When a sourcing project gets to a certain size, it often makes sense to set up a permanent presence on-the-ground in China to help manage the supply chain. This series of blog posts covers some of the key areas of consideration when it comes to setting up in China.
Alternative Investment Structures
These are other means by which a foreign investor can enter the PRC market:
1) Foreign invested partnerships (“FIP”) An FIP refers to partnership businesses established by 2 or more foreign enterprises or individuals, or established by foreign enterprises or individuals together with National, legal person and other organizations in China. According to the law (Measures for the Administration on the Establishment of Partnership Business by Foreign Enterprises or Individuals in China, promulgated at 1 March, 2010), there is no minimum registered capital nor approval by MOFCOM required. However, regulations from relevant authorized agencies, such as taxation, SAFE, etc. are still expected and few FIPs has been established.
2) Branch offices: Foreign investors may establish branch offices, but currently there are only regulations permitting foreign banks to establish branch offices.
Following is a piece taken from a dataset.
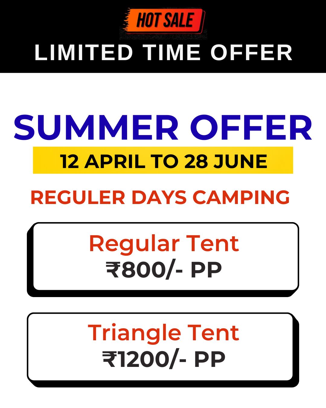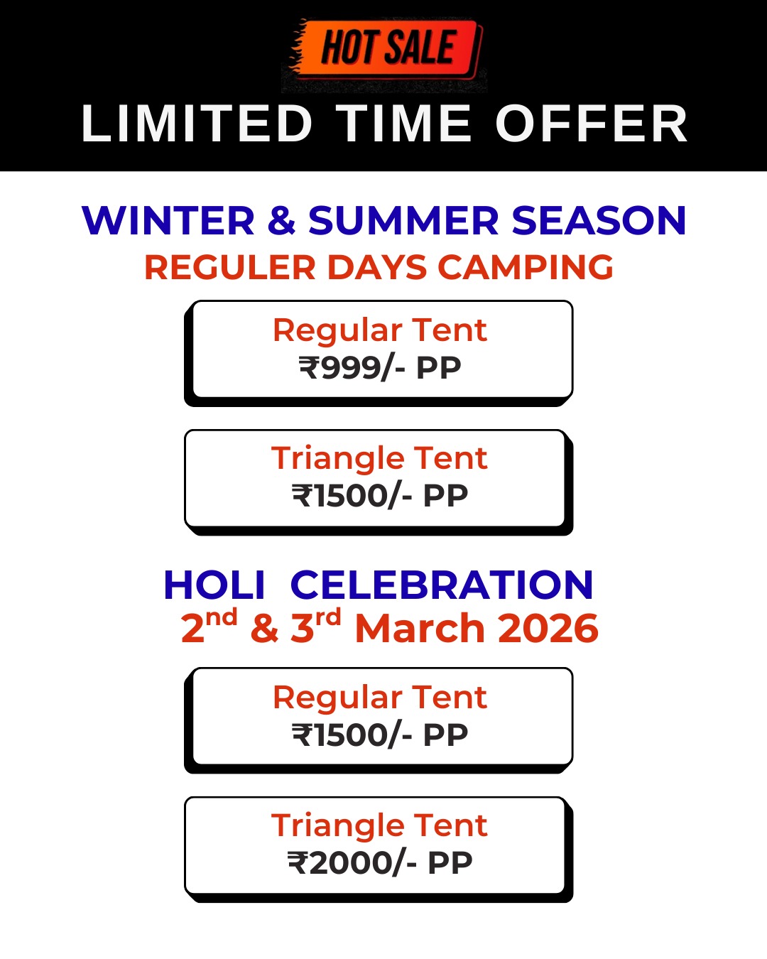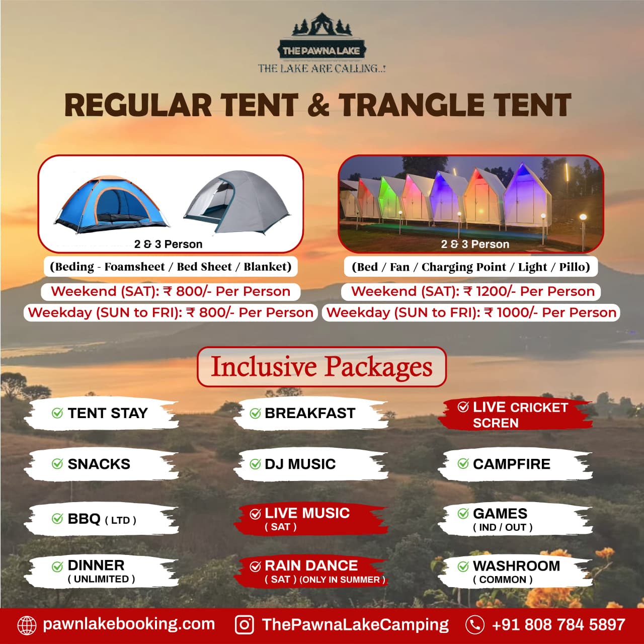 Weekend (SAT – SUN) – 1500/-pp Weekdays(MON-FRI) – 1000/- pp INCLUDING :- Triangle Tent Stay, Evening Snacks, Tea/Coffee, Barbeque LTD(Veg/Non-Veg), Dinner(Veg/Non-Veg), Morning Breakfast and Tea/Coffee, DJ Music, LIVE MUSIC ( GUITAR), Live Cricket Screen, Campfire, games, Mobile Charging Point, Mineral Water in Jar, First Aid Kit, Parking, Toilets, Changing Room, Genset Light Backup.

A branch office will not be recognized as a separate legal person from the foreign parent, which means that the foreign parent will be liable for all debts and liabilities incurred by the branch office in the PRC. Branch offices may conduct business in PRC.
3) Cooperation: Parties who do not wish to set up directly in the PRC may choose to cooperate with a Chinese party either through a manufacturing contract or a processing/trade arrangement.
Such relationships need to be carefully managed with special consideration given to IP Issues and any necessary approvals.